Alexa dan Axelo pergi, ternyata didepan rumah kosong tersebut sudah ada Rahardian dan Marcella.


“Papa mama.” Kata Alexa.


“Bagaimana?” Tanya Marcella.


“Dia menangis ketakutan didalam ma.” Kata Alexa.


“Baguslah kalau begitu.” Kata Marcella.


“Dia masih syok dan kebingungan ma tapi sepertinya dia percaya.” Kata Axelo.


“Kita berpisah dulu ya, sampai jumpa besok di apartemen. Mama akan membuatkan kalian makanan yang paling enak.” Kata Marcella.


“Aku pergi dulu ya mengantar anak-anak ke sekolah.” Kata Rahardian.


“Iya sayang, sampai jumpa besok ya.” Kata Marcella.

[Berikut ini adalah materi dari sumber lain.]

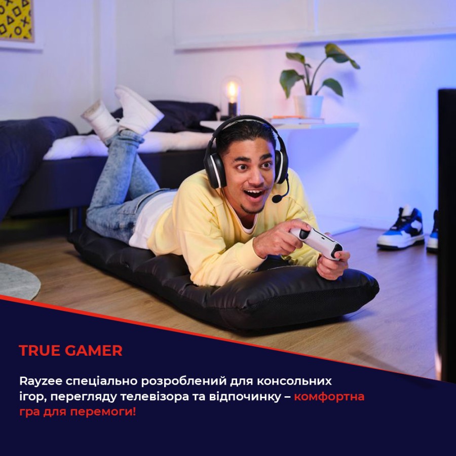 Лінуйтеся з Rayzee! Незалежно від того, граєте ви, відпочиваєте чи навіть дрімаєте, надзвичайно м’яка підкладка цього крісла забезпечує оптимальний комфорт протягом багатьох годин. Щасливе тіло, щасливі ігри.

Akhirnya Rahardian, Axelo dan Alexa pergi sedangkan Marcella masuk kedalam rumah kosong tersebut.


Marcella masuk kedalam rumah kosong lalu memanggil Celine.


“Celine Celine apakah kamu didalam?” Teriak Marcella.


“Ehm mmmmmmm.” Teriak Celine yang dibungkam mulutnya dengan lakban.


Marcella segera masuk kedalam rumah dan menemukan Celine dalam keadaan terikat.


“Celine.” Panggil Marcella.


Marcella segera melepas ikatan dan lakban Celine.


“Aku takut, bawa aku pergi dari sini.” Kata Celine sambil menangis.


“Apa yang terjadi denganmu memangnya? Aku mendapat pesan dari salah satu temanmu kalau kamu sedang disini.” Kata Marcella.


“Siapa yang mengirim pesan?” Tanya Celine.


“Dia tidak menyebutkan nama, aku langsung pergi kesini.” Kata Marcella.


Lalu Marcella membawa Celine kembali ke rumah.